Pintasan.co, Makassar – Di tengah persiapan Pemilihan Kepala Daerah (Pilkada) 2024, sejumlah organisasi perempuan dan masyarakat sipil di Sulawesi Selatan menekankan perlunya reformasi mendalam dalam proses demokrasi.
Pada Selasa, 5 November 2024, mereka mengadakan pertemuan untuk menyerukan agar Pilkada bebas dari kekerasan berbasis gender, serta mendukung hadirnya calon pemimpin yang memiliki integritas tinggi, peduli lingkungan, dan memperhatikan kelompok rentan.
Organisasi yang tergabung, seperti YPMP Sulsel, Yasmib, Solidaritas Perempuan Anging Mammiri, LBH APIK, KPI Sulsel, dan YLK Sulsel, bersepakat untuk memperjuangkan demokrasi yang inklusif.

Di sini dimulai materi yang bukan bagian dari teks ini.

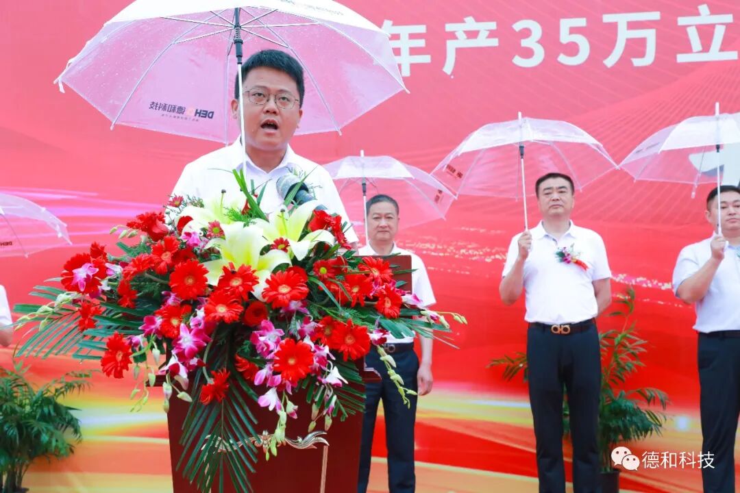 宣城高新区党工委员、武装部长夏伟致辞祝贺安徽德和开工。宣城区政府党组成员、宣城高新区党工委书记、管委会主任赵流海宣布:安徽德和绝热科技有限公司“年产35万立方米保冷材料项目生产基地开工!礼炮奏响,彩旗飘飘。现场一片欢腾。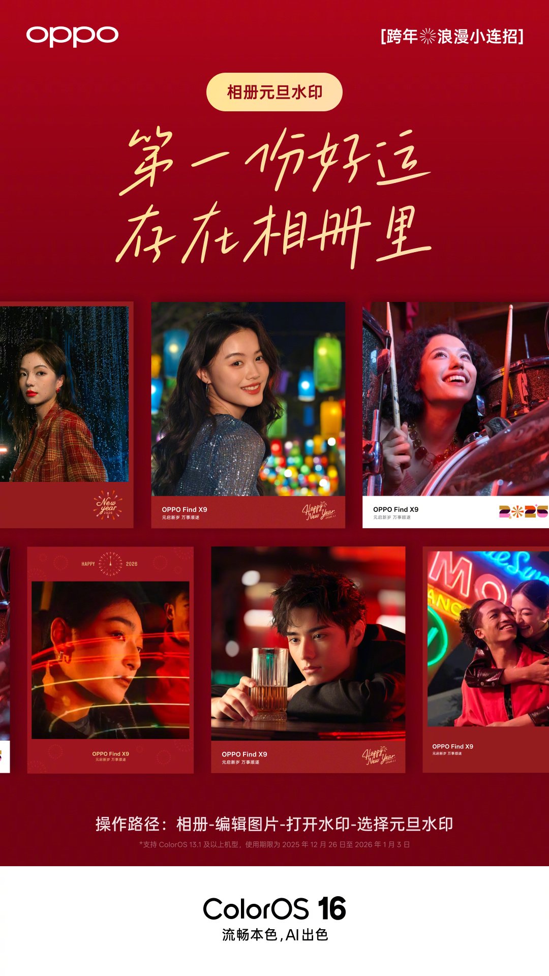 IT之家 12 月 26 日消息,ColorOS 今日宣布,元旦将至,OPPO 相册元旦水印已上线。将新年的第一份好运和难忘的回忆,放在相册里吧。
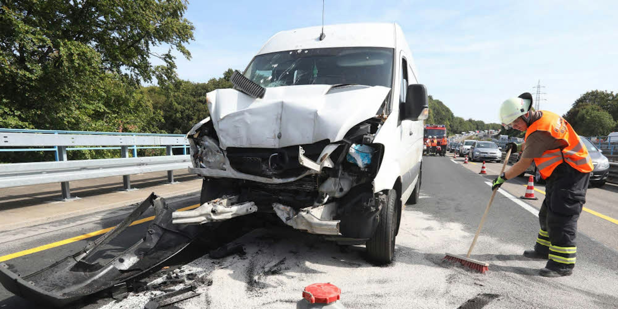 Ein Einsatz auf der Autobahn: Die Feuerwehr bindet das bei einem Unfall ausgetretene Öl ab.

Mereka menyoroti berbagai bentuk kekerasan berbasis gender yang sering muncul di setiap pemilu, seperti intimidasi, diskriminasi terhadap calon perempuan, dan pelecehan seksual.
Suryani, Ketua Badan Eksekutif Komunitas SP Anging Mammiri, menekankan pentingnya perhatian serius terhadap masalah ini.
“Kekerasan berbasis gender dalam pemilu adalah isu mendesak. Kita membutuhkan pemimpin yang tidak korup dan peduli pada isu lingkungan serta kelompok rentan,” ujarnya.
Ani, panggilan akrab Suryani, menambahkan bahwa isu-isu penting yang berkaitan dengan perempuan sering kali terabaikan karena fokus elit politik pada strategi kemenangan.
“Kami hadir untuk memastikan bahwa persoalan ini tidak diabaikan. Ini bukan sekadar dukung-mendukung, melainkan demi masa depan yang lebih baik bagi semua,” katanya.
Organisasi ini juga mengangkat isu krisis iklim yang semakin berdampak pada kehidupan masyarakat, terutama perempuan, lansia, anak-anak, dan penyandang disabilitas.
Mereka menekankan bahwa keadilan lingkungan harus menjadi prioritas.
“Pembangunan yang tidak berkelanjutan, seperti reklamasi, sering kali merugikan kelompok-kelompok rentan ini,” ujar Ani.
Suara perempuan, menurut mereka, harus menjadi perhatian utama bagi calon pemimpin yang terpilih. Mereka berharap agar suara perempuan dan kelompok rentan dapat diperhitungkan dalam kebijakan dan program pembangunan ke depan.
“Kami ingin suara perempuan dan kelompok rentan diakui dalam setiap kebijakan,” pungkas Ani.